Akan tetapi, saya merasa begitu santai menerima hukuman itu, karena saya beranggapan masih ringan jika dibandingkan dengan sebuah nyawa.

Lucunya, beberapa orang yang pernah menyarankan untuk bermain sangat menyayangkan penolakan saya terhadap permainan itu, "coba kalau dulu main hakim jaksa, saya yakin hukumanmu dibawah 10 tahun, uang bisa dicari, sedangkan kebebasan itu sangatlah berarti".

Disini, saya menemukan jawaban kenapa aktivis tersebut benci dengan pekerjaan yang digelutinya, karna hukum bisa diukur dengan uang.

Antara pihak terdakwa dan pendakwa dapat bertransaksi serta bernegosiasi terhadap tuntutan maupun vonis hukuman dengan bahasa yang sangat halus, "saling membantu atau sebagai ucapan terima kasih".

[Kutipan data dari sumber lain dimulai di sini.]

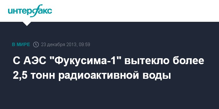Москва. 23 декабря. INTERFAX.RU - Утечка примерно 2,6 тонн радиоактивной воды зафиксирована на аварийной АЭС "Фукусима-1" в Японии, сообщает местный телеканал NHK.
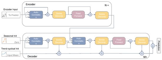 Autoformer’s core auto-correlation mechanism, which is key to discovering period-based dependencies by calculating sequence auto-correlation coefficients, consists of period-based dependencies and time-delay aggregation. Figure 2 shows a schematic diagram of the internal structure of the auto-correlation module.
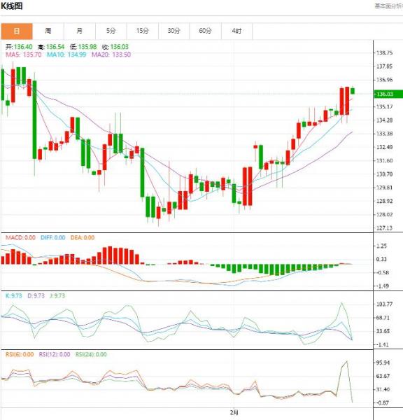 周一盘中,截止目前,美元/日元货币对136.05/136.04,下跌至0.44,跌幅0.32%。美元/日元看来在蓄势上涨,重新测试136.66。 美元/日元突破云区顶部后可能飙升,美元/日元突破了位于131.19-134.85的云区顶部,测试关键回档位136.66的过程中将有更大的上涨空间。136.66是10月至1月从151.94至127.22跌势的38
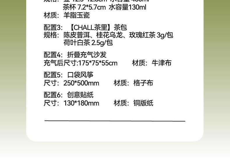 礼盒配置:折叠收纳箱*1 陶瓷杯壶两件套* 1 【CHALL茶里】茶包*4 折叠充气沙发*1 口袋风筝*1、贴纸*1 产品规格:收纳箱-42*28*23cm 杯壶两件套-壶 12.5*12.6cm 容量 460ml 茶杯 7.2*5.7cm 水容量130ml 充气沙发-充气后尺寸:175*75*55cm 口袋风筝-250*500mm

Jika seorang terdakwa dan keluarga terdakwa menginginkan hukuman yang seringan-ringannya, maka mereka harus membangun keseimbangan jatah antara jaksa penuntut umum dan majelis hakim, jika tidak, harapan itu akan sulit terealisasi.

Salah seorang diantaranya ialah Hidayat Effendi dengan kasus Penggelapan, keluarganya hanya memiliki kesempatan untuk membantu Jaksa karna keterbatasan waktu dan pendanaan, sedangkan Hakim tidak mendapatkan apa-apa.

Dalam pengamatan saya dan pengakuan dari beberapa narapidana, belum pernah kasus serupa dituntut dibawah 2 tahun, kisaran tuntutan dan vonis yang pernah ada ialah antara 2 hingga 4 tahun jika persidangan nya polos.

Akan tetapi, kali ini tuntutan yang diajukan jaksa selama 1 tahun 6 bulan dengan suntikan dana sebesar Rp 20jt. Namun, hakim merasakan kecemburuan karena mendapatkan kehampaan, itu terbukti dari tidak adanya pengurangan hukuman yang dijatuhkan, sehingga vonis yanh diterima dayat tetap selama 1 tahun 6 bulan penjara.

Pada permainan berbeda dengan kasus narkoba yang dijalankan Antoni, ia hanya membayar Majelis Hakim karena ia mengasumsikan bahwa ditangan hakimlah puncak dari apa yang didakwakan terhadapnya.

Setelah melewati proses persidangan, Hakim Ketua memutuskan 1 tahun 6 bulan dari tuntutan selama 4 tahun 2 bulan penjara, sehingga Jaksa Penuntut Umum mengajukan Banding dalam kasus ini.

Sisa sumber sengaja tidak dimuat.